In this context, the water dispute in the Jordan basin is a distribution conflict embedded in a protracted political (Arab-Israeli) conflict, displaying all the characteristics of a zero-sum game, whereas the water dispute in the Nile basin is intimately related to unfair clauses in historical, bilateral sharing agreements. Additionally, the increasing ability and desire of the upstream states, namely Ethiopia, to challenge Egypt’s status as hydro-hegemon and the overall status quo constitute contemporary reasons for tensions over water. In the Euphrates-Tigris basin, the water dispute arose from the competitive, uncoordinated and unilateral water development projects of the riparians, however the political linkages established between transboundary water issues and non-riparian security issues also exacerbated the disagreements over water sharing and allocation.
Despite the numerous water sources disputed between different countries, no conflict in the area has been exclusively caused by water, although this natural resource has played a crucial role in the Arab-Israeli conflict and the disputes around the Tigris-Euphrates and Nile basins.
The competing demands for water in the absence of a conflict resolution mechanism may lead to severe consequences in the water-scarce zone. There is an obvious and urgent need for regional water cooperation in the region. Concerned countries should realize that without cooperation they cannot address the issues of each country and the only way out is through cooperation. This can only be achieved through recognition of the interests and the concerns of all riparians through the comprehensive, integrated and environmentally-sound water management of the entire water basin.
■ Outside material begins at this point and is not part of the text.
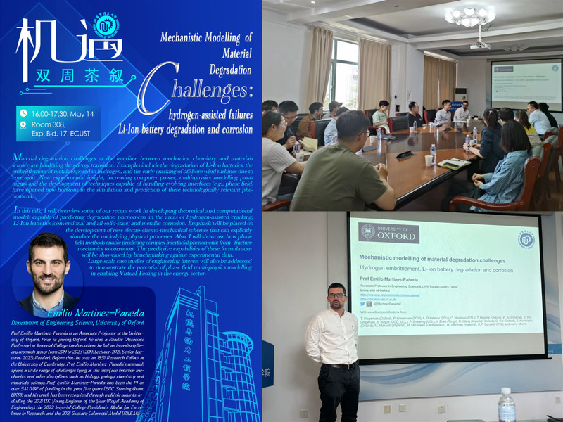 Martínez-Pañeda教授的报告面向氢致失效、锂电池降解、金属腐蚀等国际前沿课题,其借助相场方法对复杂的材料与结构失效进行预测,并通过与大量试验数据对比验证了相场模拟方法的预测能力。学术报告结束后,Martínez-Pañeda教授与现场师生进行了热烈的讨论与深入的交流。

Major transboundary river basins in the Mediterranean are in subregions that have experienced severe political tensions
In this respect, one productive approach to the cooperative development of transboundary waters in the region should be to take a regional view of the benefits to be derived from the river basins. When negotiations focus solely on water sharing, upstream and downstream differences will be exacerbated, thereby giving greater prominence to water gains and losses. This has regularly required the riparian states to see water as more than just a commodity to be divided—a zero-sum, rights-based view. Instead, they need to develop a positive-sum, integrative approach that ensures the equitable allocation not of the water but of the benefits derived from it. Adding development opportunities in other sectors may enlarge the area of possible agreement and make implementation more manageable. In addition, inter-sectoral linkages may offer more opportunities for the generation of creative solutions, allowing for greater economic efficiency through a basket of benefits.
 Northern Mediterranean countries are Spain, France, Italy, Greece, Monaco, Slovenia, Croatia, Bosnia-Herzegovina, Serbia, Montenegro, Albania, Cyprus and Malta. Southern Mediterranean countries are Egypt, Libya, Tunisia, Algeria and Morocco. Eastern Mediterranean countries are Turkey, Syria, Lebanon, Israel and the Palestinian Territories.